Pandemic has taken companies to court to review contracts

Mário Conforti
Lawyer at Marcos Martins Advogados

In private law, especially in commercial relations, the general rule, derived from the Latin brocardo pacta sunt sevanda, is that the contract must be complied with by the parties or, as some prefer, has the force of law between the contracting parties.

However, it has long been understood that this rule should be relaxed, including in commercial relations. An example of this is the possibility of terminating or revising a contract in the event of a situation that creates such an imbalance in the relationship between the contracting parties that the fulfillment of the contract becomes excessively onerous for one of the parties.

As we have seen since the beginning of the novel coronavirus pandemic, the measures to contain the disease have had a direct impact on the economy. Various sectors of society are being drastically affected – and many companies have unfortunately gone out of business. In this troubled scenario, legal practitioners are being called upon to seek solutions aimed at rebalancing contractual relationships, in order to, whenever possible, maintain contracts and thus guarantee the continuity of economic activities, which generate jobs, distribute income, pay taxes, etc.

Recently, a case drew attention due to the application of the Theory of Imprediction as a result of the readjustment promoted by the operator of a collective health plan contracted by a company for the benefit of its employees. The Third Panel of the Superior Court of Justice (STJ) confirmed the São Paulo court’s understanding of the termination of the collective health plan contract due to the excessive onerousness that arose in the relationship as a result of the application of the minimum payment clause after the readjustment of the plan’s value.

When it contracted the group health plan, the company had 603 active beneficiaries. However, after the price of the plan was readjusted by the operator, 354 beneficiaries asked the employer to cancel the benefit because they could not afford the new costs. As a result, the collective health plan now has 249 active beneficiaries. The operator, in turn, applied the minimum payment clause provided for in the contract, whereby the employer of the group health plan had to pay the equivalent of 409 active beneficiaries. As there were only 249 active beneficiaries in the collective health plan contracted, the employer would, in practice, have to bear the costs of 160 non-existent beneficiaries, who would not require any payment from the operator.

It is worth noting that a clause providing for the charging of a minimum amount in a group health plan contract is valid. In the specific case, what was discussed was the imbalance caused by this minimum payment clause as a result of the significant withdrawal of beneficiaries from the collective health plan due to the increase applied by the operator.

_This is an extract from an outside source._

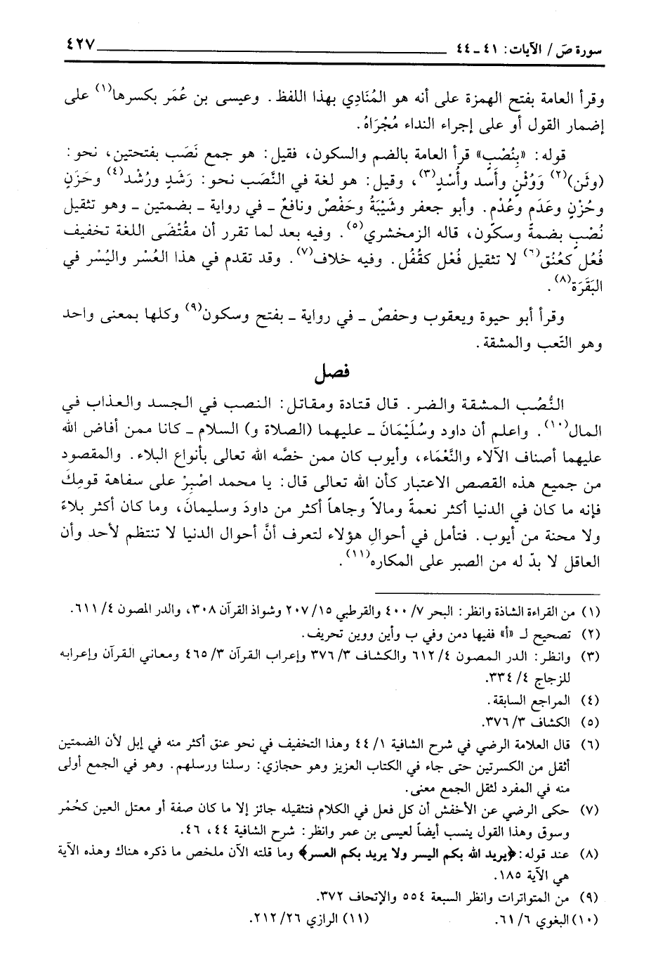 النُّصُب المشقة والضر. قال قتادة ومقاتل: النصب في الجسد والعذاب في المال واعلم أن داود سُلَيْمَانَ - عليهما (الصلاة و) السلام - كانا ممن أفاض الله عليهما أصناف الآلاء والنَّعْمَاء، وأيوب كان ممن خصَّه الله تعالى بأنواع البلاء. والمقصود من جميع هذه القصص الاعتبار كأن الله تعالى قال: يا محمد اصْرِرْ على سفاهة قومِكَ فإنه ما كان في الدنيا أكثر نعمةً ومالاً وجاهاً أكثر من داودَ وسليمانَ، وما كان أكثر بلاءً ولا محنة من أيوب. فتأمل في أحوالِ هؤلاء لتعرف أنَّ أحوال الدنيا لا تنتظم لأحد وأن العاقل لا بدّ له من الصبر على المكاره.

According to the rapporteur of the case, Justice Nancy Andrighi , charging the minimum payment, without any consideration from the operator, would characterize a violation of the spirit of contractual justice that should prevail in contractual relations. In other words, the STJ held that the significant departure of beneficiaries due to the readjustment applied by the operator constituted an exceptional and unforeseeable situation that made the collective health plan contract excessively onerous for the contracting employer.

The question that arises, and which has not been settled by the courts, is whether the effects of the new coronavirus pandemic can constitute an extraordinary and unforeseeable situation that allows the state to intervene in private relations for the purposes of terminating or reviewing contracts.

Although the STJ judgment dealt with in this article does not constitute a judicial precedent (i.e. it does not have mandatory application by state courts and first instance judges), the result of this judgment opens up space for discussion on the possibility of terminating or reviewing the minimum payment clause in collective health plan contracts affected by an unforeseeable and extraordinary situation, such as the new coronavirus pandemic.

As in the specific case of the group health plan, unforeseeable and extraordinary situations affect all kinds of contracts, so that the application of the Theory of Imprediction or Excessive Onerosity finds application in the most varied hypotheses.

In anticipation of the increase in the search for justice due to the pandemic, including new lawsuits dealing with the termination or revision of contracts, the CNJ (National Council of Justice), at the end of last year, approved normative act 8.554 providing for regulation of the creation of new technological solutions for conciliation and mediation by virtual means (ODRs – Online Dispute Resolutions).

The CNJ ‘s measure is important and alternative dispute resolution methods such as conciliation and mediation can be used in cases of contractual disputes between two companies, as in the example of the case judged by the STJ and mentioned above. Encouraging consensual and negotiated solutions is important, even if, in practice, they are not enough to relieve the Judiciary.